Dus laat iedereen maar lachen dat Selhorst zo hamert op zijn bruto winst, hij marcheert Europa in. ‘De sleutel tot ons succes is onze technologie en vooral de data die we al jaren verzamelen. Je moet kunnen voorspellen waar de vraag zit, welke bewegingen je scooters maken door de stad, wanneer de batterij leeg raakt en moet worden verwisseld. Alleen dan krijg je een efficiëntere operatie en kun je onderbouwen met welke features je klanten blij kunt maken. Geld verdienen aan de data zelf? Dat heb ik nog nergens zien lukken. Ik kan me ook niet voorstellen dat een stad zaken wil doen met een mobiliteitspartij die voor veel geld inzichtelijk maakt waar een nieuw viaduct moet komen.’
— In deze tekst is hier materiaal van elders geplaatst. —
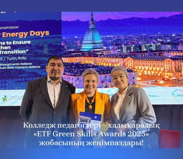 Авторские проекты преподавателей Карашаева Досана Элыповича и Ондахановой Айнур Амангельдыевны на тему «Роль современных образовательных программ в развитии зелёных технологий» вошли в топ-5 лучших проектов престижного международного конкурса «ETF Green Skills Awards 2025», организованного Европейским фондом образования (ETF).

De deelstepcowboys zijn sowieso niet de directe concurrent van Felyx, dat met zijn scooters een ander publiek aantrekt. ‘Deelsteps worden voor 80 tot 95 procent gebruikt door toeristen. Dat zie ik in Parijs, waar mijn vriendin woont, en dat horen we ook van mensen die erbij betrokken zijn. Felyx is meer voor de stedeling zelf, die ook voor zijn werk af en toe een ritje maakt. Die ritjes zijn langer, je kunt ze bovendien met twee personen maken en je zit natuurlijk een stuk comfortabeler dan op een stepje.’

Dagelijks de nieuwsbrief van Startups & Scaleups ontvangen?



Door je in te schrijven ga je akkoord met de algemene en privacyvoorwaarden.

Go Sharing, Check, Cityscoot

Concurrenten om rekening mee te houden zijn dus niet step- en fietsdelers zoals Lime, maar de scooteraars. In eigen land gaan Go Sharing en Check (nota bene net als Swapfiets in handen van Pon) wat dat betreft hard, in Frankrijk komt Selhorst Cityscoot tegen, en in Duitsland onder meer Emmy tegen. ‘Overwegend lokale partijen, maar daarmee is niet gezegd dat ze geen aandeelhouders achter zich hebben met diepe zakken. Lime test nu ook met brommers. Maar diepe zakken is niet de sleutel tot succes in deze markt. Kijk maar naar het Duitse Coup. Dat had Bosch als aandeelhouder maar is toch gestopt omdat ze de business niet rond kregen. En je kunt niet zeggen dat Bosch geen diepe zakken heeft.’

Geen slakkengangetje

Dat Selhorst zijn groei en winstgevendheid in balans zegt te moeten houden, betekent niet dat Felyx op een slakkengangetje rondtuft. ‘In 2020 zijn we verdriedubbeld en we gaan dit jaar weer keer drie. In 2022 worden we ook actief in landen buiten Frankrijk en Duitsland, terwijl in Nederland de groei voorlopig nog doorgaat. Of ik nog ceo blijf als we ook dan weer verdriedubbelen? Ik vind dat je een paar keer per jaar de thermometer erin moet steken: zit je nog op je plek? Ben je de beste persoon om het bedrijf te leiden? Vind je echt leuk wat je doet? Het antwoord is voorlopig heel hard: ja! Het is hartstikke leuk iets moois te bouwen, te werken aan duurzame mobiliteit en te zien dat het harde werken met je team wordt beloond.’